162. Find Peak Element
Solution
Linear Search
O(n)
class Solution:
def findPeakElement(self, nums: List[int]) -> int:
if len(nums) == 1:
return 0
elif len(nums) == 2:
return 0 if nums[0] > nums[1] else 1
else:
for i in range(len(nums)):
if i == 0 and nums[0] > nums[1]:
return 0
if i == len(nums) - 1 and nums[-1] > nums[-2]:
return len(nums) - 1
if nums[i] > nums[i] - 1 and nums[i] > nums[i + 1]:
return i
Another Lineary Search
Unlike the previous method which explicitly listed all conditions. This method implicitly considers all scenarios, including edge cases.

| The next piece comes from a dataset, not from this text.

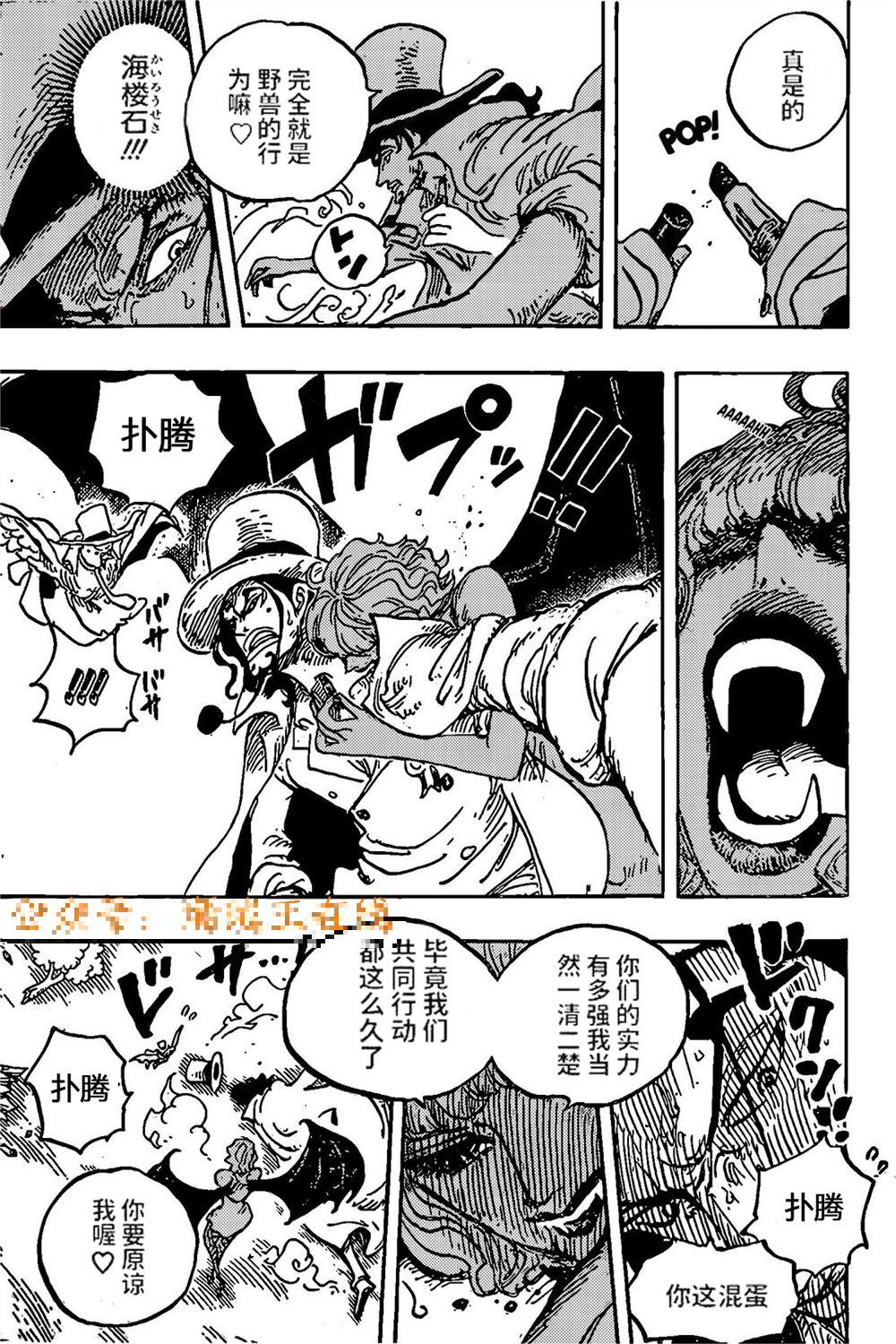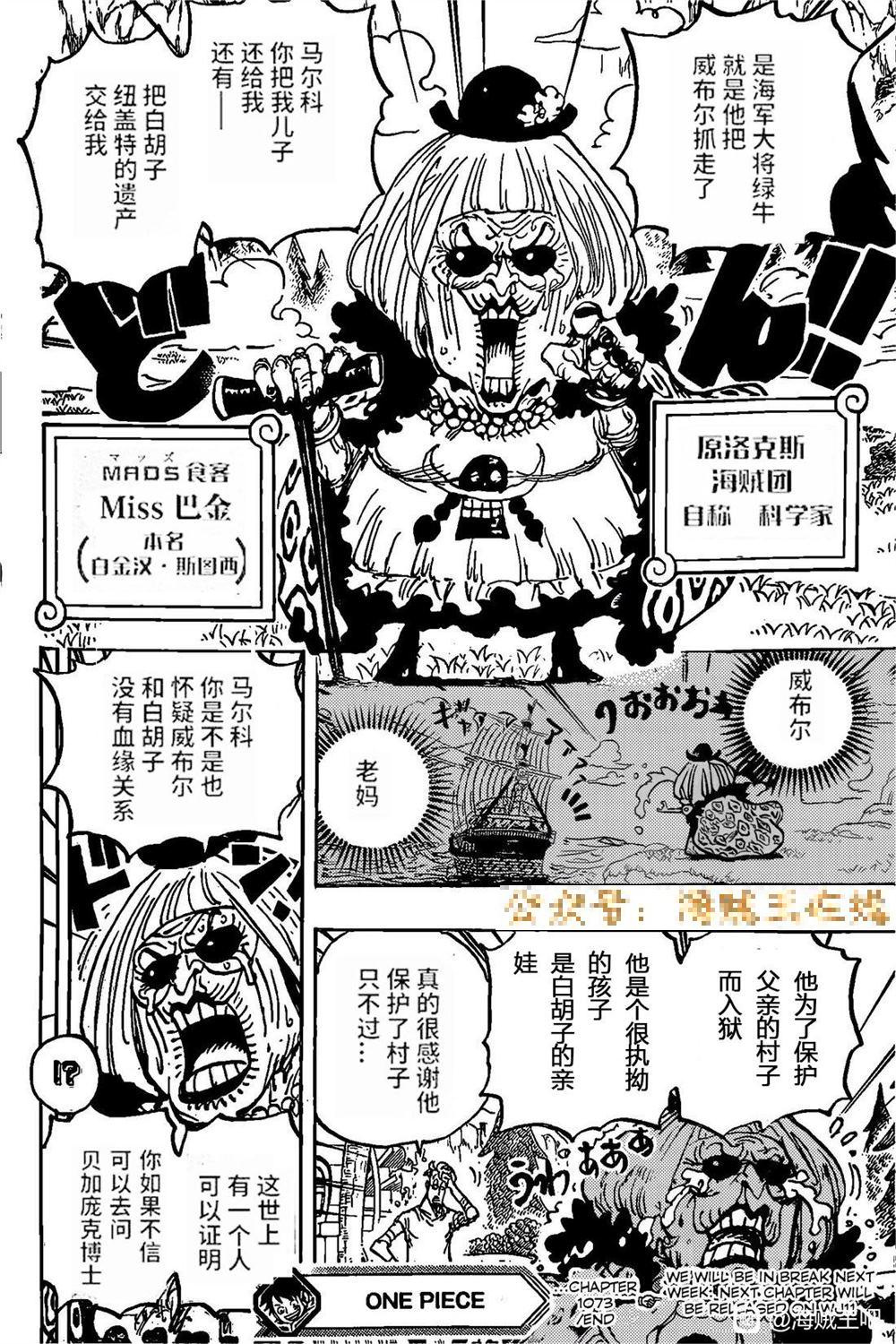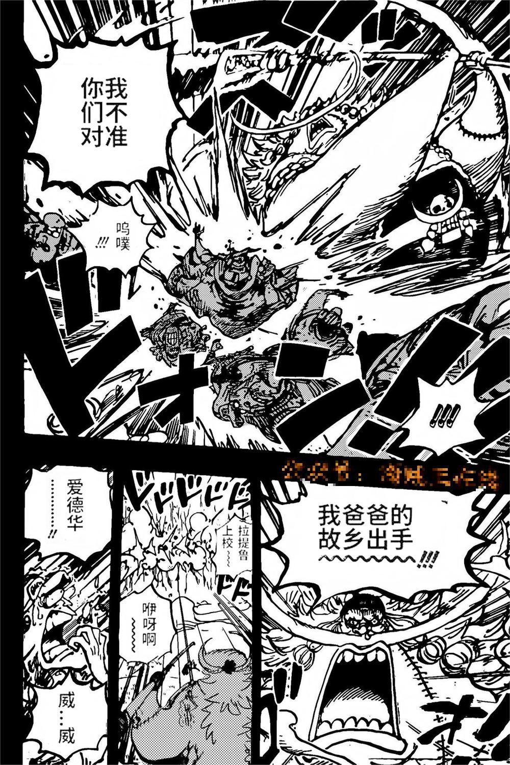 草帽团在斯芬克斯岛的村子,白胡子残党被抓走。马尔科与巴金商议救回白胡子。黄猿为老人提供食物。结尾登场的五老星“杰卡鲁西亚·萨坦”出现,称事态发展遗憾,暗示着未来岛篇的结束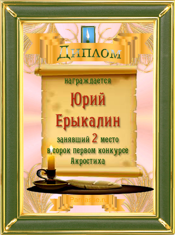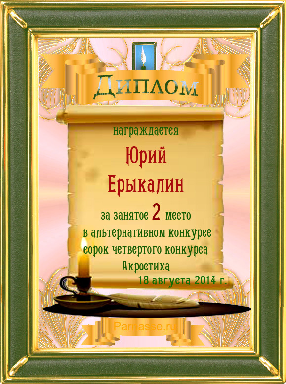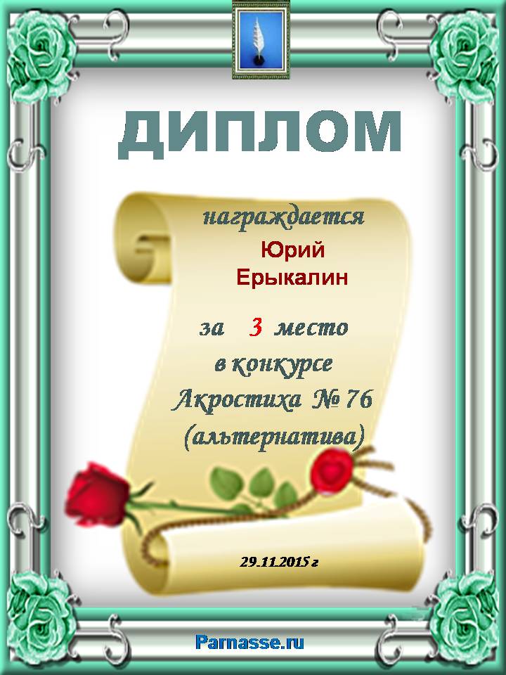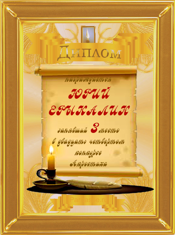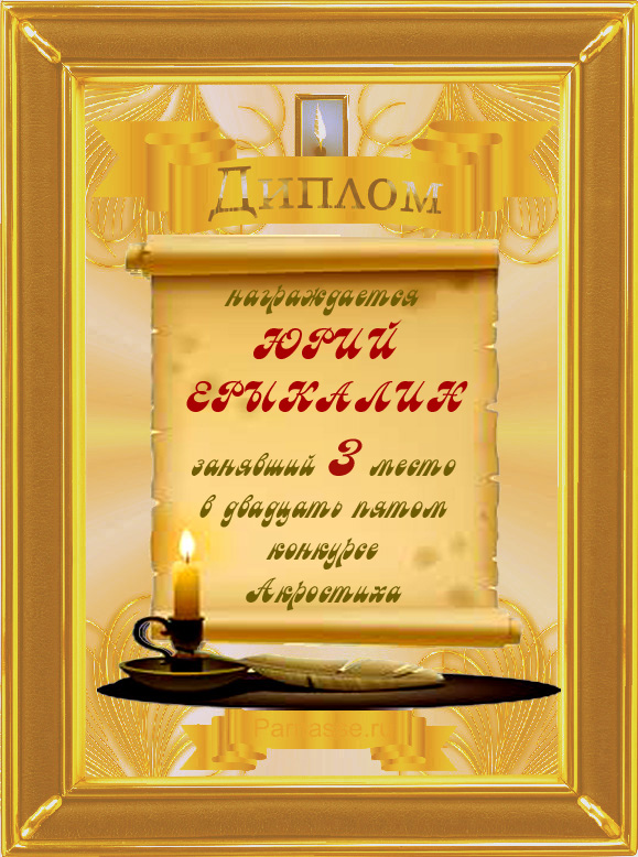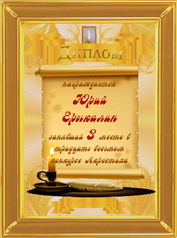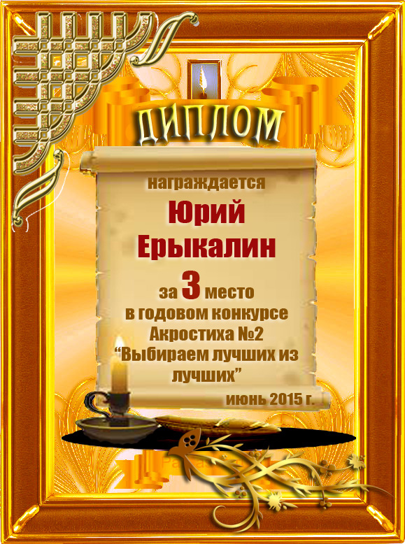 Диплом за 3 место во 2 годовом конкурсе Акростиха по итогам судейского голосования (Альтернатива)! ПОЗДРАВЛЯЮ!

Iterate and always check if current is higher than the next number.
If not higher, then it's incrementing, keep going, in the worst case, if it increments to the end, return the last index.
If higher it's now higher than the previous and next number, because, by definition, current number is higher than all previous numbers.
class Solution:
def findPeakElement(self, nums: List[int]) -> int:
for i in range(len(nums) - 1):
if nums[i] > nums[i + 1]:
return i
return len(nums) - 1
Iterative Binary Search
Time Complexity: O(log2 n)
class Solution:
def findPeakElement(self, nums: List[int]) -> int:
l, r = 0, len(nums) - 1
while l < r:
m = (l + r) // 2
if nums[m] > nums[m + 1]:
# search left
r = m
else:
l = m + 1
return l
Test Cases
[1,2,3,1]
[1,2,1,3,5,6,4]
[2,1]
[1,2]
[6,5,4,3,2,3,2]